Once you have the title in place, the rest of your resume should be crafted to demonstrate how you are a stand-out candidate for that job. Read the job description carefully. Make note of the skills the employer is looking for and the work that the successful candidate will be responsible for. You will want to ensure that your resume reflects your readiness for these. 

Intro paragraph

Write an opening statement that summarizes your key selling point for the job at hand. What is your greatest past accomplishment, work experience, or other credential that is most relevant to the role you want? This will be one of the first things that the potential employer will read, so you want to start off strong. Think of it as a mini cover letter

Work history 

While the places you have worked in the past don't magically change to align themselves with the job you aspire to, the way you describe them can. Use the summaries of your past work to highlight the skills you used and acquired and the achievements you made that are most relevant to the job you are targeting.

Take your cue from the job posting. How has your previous work prepared you for the role? This is true for every job, even if you are applying for a new position in the field that you currently work in. Each role will have its own unique challenges and focus, and a well-tailored resume will show that you understand these and are prepared for them.

It is even more crucial when you are applying for a job in a new sector altogether. You have to demonstrate how your experience has set you up to be successful in the role. The employer won't do the math for you, and you will likely be competing against candidates who are already in similar roles. 

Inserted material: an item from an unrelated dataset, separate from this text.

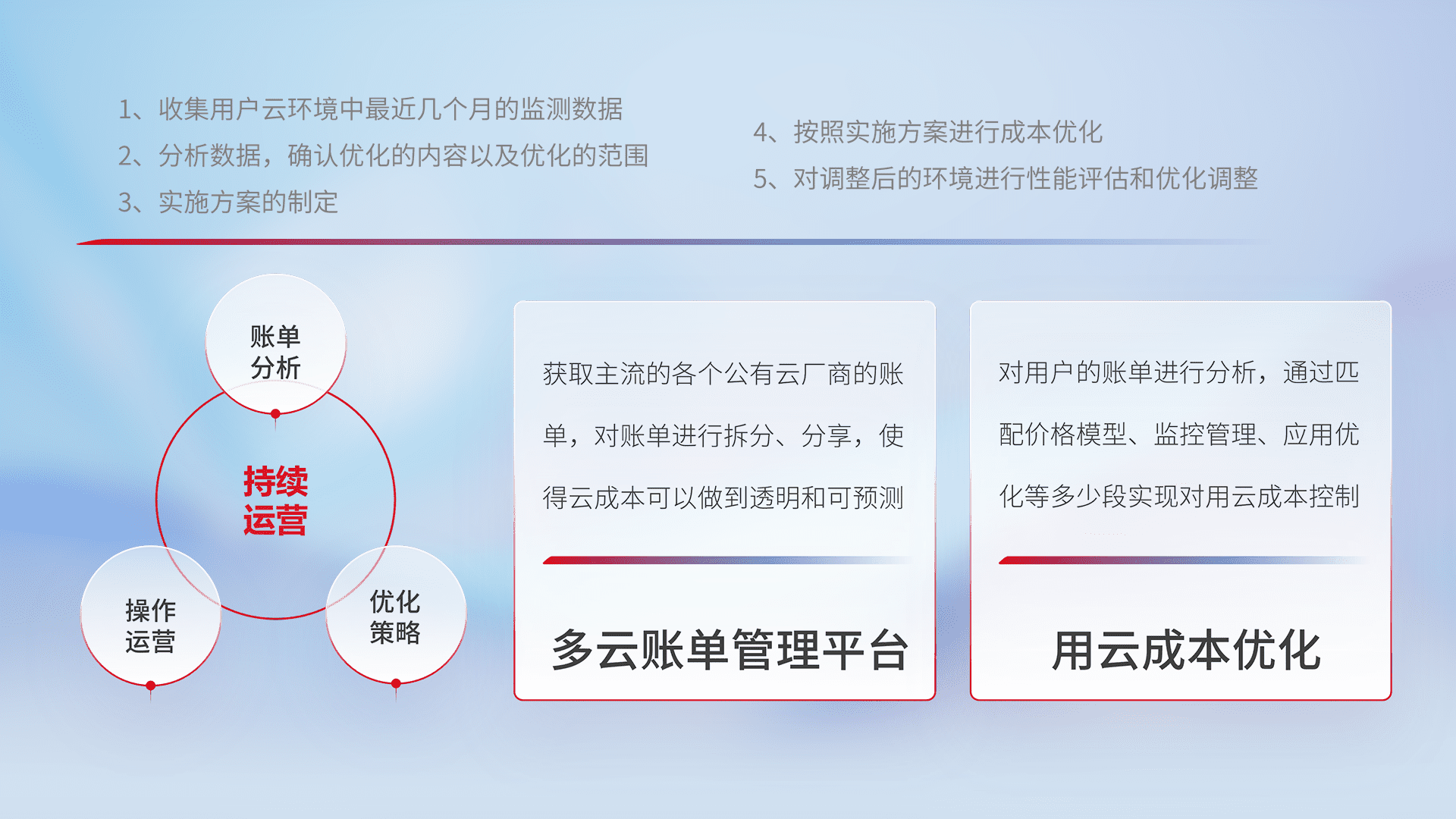监控业务系统资源开销,,对资源的消耗精确计量,,实现费用的透明化管理,,,,不断提升资源使用率,,,调整资源购买方式,,,降低资源费用成本,,,,用云成本可预测、、、、用云费用可优化,,,,云资源配额有据可依。。

As in any resume, focus on accomplishments over duties. Employers want to know how you excelled on the job, and what set you apart from other workers. They want to hire the best. Be sure to focus particularly on achievements that are relevant to the job you are applying for. 

Skills match 

Reading the job description carefully will inform you of more than just which skills to focus on. You not only want to make sure that your resume shows that you have the ability to do the job, but you also need to closely match the language the employer uses to describe those skills. This can be important for getting your application seen at all. 

Many companies use software filters that screen resumes for specific keywords and can automatically reject applications that are missing terms or phrases that have been deemed essential. Therefore getting your resume past the Applicant Tracking System and onto the desk of a hiring manager is yet another reason why customization is so important.  

Even human recruiters scan through resumes quickly the first time they read through a pile of applications. The more closely your skills and credentials match with what they are looking for, the greater your chances of being shortlisted for further consideration. 

Customizing your resume isn't about lying in your job application or faking experience that you do not have. It's about understanding the needs of the job and highlighting all of the ways that your experience, education, and skills have prepared you to fulfill these. Focus on the most relevant. It takes a little bit of extra time and effort to craft each application carefully for the specific job, but it will go a long way toward helping you stand out from the sea of generic applications and greatly increase the number of job interviews to which you are invited.